Work to be completed ▸ Lines to restate from the data below: from the one containing "H.H. Emir Sheikh" to the one containing "Qatar has proved", both included. Give them again exactly, and only them.

Extracted entries ▸
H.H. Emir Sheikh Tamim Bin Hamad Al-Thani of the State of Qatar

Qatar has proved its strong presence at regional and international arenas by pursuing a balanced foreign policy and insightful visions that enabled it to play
==
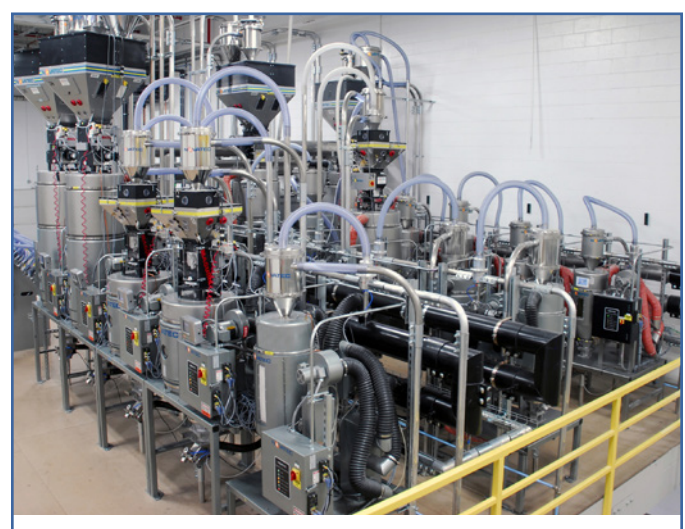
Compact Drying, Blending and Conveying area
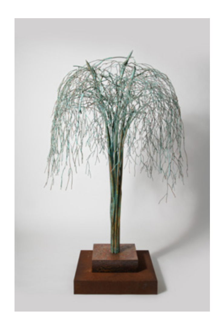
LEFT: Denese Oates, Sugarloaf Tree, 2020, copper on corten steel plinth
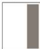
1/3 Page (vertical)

Written reply ▸
H.H. Emir Sheikh Tamim Bin Hamad Al-Thani of the State of Qatar

Qatar has proved its strong presence at regional and international arenas by pursuing a balanced foreign policy and insightful visions that enabled it to play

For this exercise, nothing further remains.